QX: In developing “DreamFace,” we embarked on a journey that intersected with the evolving narrative of generative AI and its potential intellectual property (IP) issues. Prior to starting our research, we had amassed a collection of production-ready facial assets, all legally authorized by models and actors, for AI training. However, these alone could only lead us to parameterized models, falling short of the richness we aspired to achieve. Our breakthrough came with the discovery of the Latent Diffusion Model, which, paired with CLIP technology and the LAION dataset, demonstrated remarkable versatility in text-to-image tasks. Utilizing this model, we built a Mix of Expert generation framework to create 3D avatars, forming the essence of “DreamFace.”
The second major challenge we faced was surprisingly non-technical. Preparing our “DreamFace” Technical Paper, we needed to generate 100 distinct avatars to showcase its capabilities. This meant writing 100 unique prompts to describe each character’s appearance. After struggling to create diverse descriptions past the fifth avatar, we turned to AI for help, specifically GPT-3 from OpenAI. Before the release of ChatGPT, GPT-3’s continuation capabilities became our assistant, guiding us through the creation of these 100 facial descriptions. This experience not only reiterated the power of generative AI but also highlighted the difficulty of prompt writing for average users. We integrated this insight into “DreamFace,” leading to the development of what we initially termed Prompt User Interface, and later evolved into the Language User Interface.
SIGGRAPH: “DreamFace” can generate realistic 3D facial assets and with rich animation ability from video footage, for fashion icons or exotic characters in movies. Impressive! What is next for “DreamFace”? Do you envision any further advancements or developments for the technology?

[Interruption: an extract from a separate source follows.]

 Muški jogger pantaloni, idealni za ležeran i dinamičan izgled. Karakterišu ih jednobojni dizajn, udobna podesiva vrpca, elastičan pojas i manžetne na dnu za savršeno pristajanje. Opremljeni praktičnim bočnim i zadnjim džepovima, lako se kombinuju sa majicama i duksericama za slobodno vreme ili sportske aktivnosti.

QX: It’s been a year since we completed the “DreamFace” project, and we’ve continuously improved it since. For instance, the process of generating each avatar, which took tens of minutes in our initial research, is now down to just 30 seconds. This efficiency has opened the door for “DreamFace’s” commercialization. The technology is now available on hyperhuman.top, where anyone can generate avatars from text or images and use them directly in platforms like Unity, Unreal, Maya, and Blender. We were thrilled to showcase this progress at SIGGRAPH 2023’s Real-Time Live! session.
Looking ahead, our goal is to bring even more innovation to the computer graphics community. We’re expanding the “DreamFace” framework to generate a wider range of 3D assets directly from text or images, creating production-ready assets. We’ve made significant strides in this area, and those interested can follow our latest developments at x.com/deemostech.

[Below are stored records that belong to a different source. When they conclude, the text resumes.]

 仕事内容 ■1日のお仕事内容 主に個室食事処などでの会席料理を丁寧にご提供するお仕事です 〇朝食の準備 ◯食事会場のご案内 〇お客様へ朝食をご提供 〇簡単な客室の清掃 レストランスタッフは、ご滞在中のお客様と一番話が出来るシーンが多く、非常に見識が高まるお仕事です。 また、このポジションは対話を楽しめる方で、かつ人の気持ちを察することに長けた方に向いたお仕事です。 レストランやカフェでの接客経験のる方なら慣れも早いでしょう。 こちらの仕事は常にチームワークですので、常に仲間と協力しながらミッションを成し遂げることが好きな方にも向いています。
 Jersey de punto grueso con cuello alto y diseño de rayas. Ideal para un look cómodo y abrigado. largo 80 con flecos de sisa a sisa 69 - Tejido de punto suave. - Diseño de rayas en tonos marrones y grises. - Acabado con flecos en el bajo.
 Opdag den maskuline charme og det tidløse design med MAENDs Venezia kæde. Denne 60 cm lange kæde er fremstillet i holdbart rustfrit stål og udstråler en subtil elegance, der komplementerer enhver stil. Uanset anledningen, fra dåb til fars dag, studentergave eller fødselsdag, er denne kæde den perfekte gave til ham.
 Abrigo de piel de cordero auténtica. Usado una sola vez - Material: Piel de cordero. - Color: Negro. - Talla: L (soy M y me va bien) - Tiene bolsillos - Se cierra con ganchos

SIGGRAPH: What advice do you have for someone who wants to submit to Technical Papers for a future SIGGRAPH conference?
QX: My first SIGGRAPH submission in 2022 didn’t make the cut, but after months of refining our work, it was accepted at SIGGRAPH Asia. In just about two years, our team has had seven papers accepted by SIGGRAPH. My key advice is to not get discouraged by initial setbacks. Think from a creator’s perspective. Focus on technologies that the industry needs and that can draw more people into the computer graphics community. Remember, in graphics, there’s always a touch of magic.

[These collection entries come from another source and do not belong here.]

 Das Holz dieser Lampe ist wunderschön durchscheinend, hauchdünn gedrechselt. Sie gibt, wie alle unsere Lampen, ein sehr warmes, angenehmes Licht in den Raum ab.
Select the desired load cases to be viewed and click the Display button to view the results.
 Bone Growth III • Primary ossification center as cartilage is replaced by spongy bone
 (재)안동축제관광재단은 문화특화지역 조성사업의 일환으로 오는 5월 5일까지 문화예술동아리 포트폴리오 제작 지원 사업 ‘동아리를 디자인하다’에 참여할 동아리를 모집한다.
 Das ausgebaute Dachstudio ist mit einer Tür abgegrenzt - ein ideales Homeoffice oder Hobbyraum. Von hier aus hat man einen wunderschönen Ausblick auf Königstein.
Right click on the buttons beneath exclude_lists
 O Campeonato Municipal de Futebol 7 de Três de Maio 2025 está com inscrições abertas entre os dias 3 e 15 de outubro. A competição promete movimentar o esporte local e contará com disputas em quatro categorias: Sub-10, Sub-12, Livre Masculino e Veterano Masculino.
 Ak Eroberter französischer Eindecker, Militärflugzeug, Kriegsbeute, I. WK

In case you missed it: Submissions are open for a variety of programs! Visit the website to stay alert of upcoming deadlines as we prepare to gather in Denver, 28 July–1 August.
Qixuan Zhang is a graduate student at ShanghaiTech University and the CTO of DeemosTech, a digital human AI company. QX specializes in computer graphics, computational photography, and GenAI. QX’s research has been accepted by top academic conferences like SIGGRAPH, GDC, and CVPR, and their work has been applied to various film and game projects.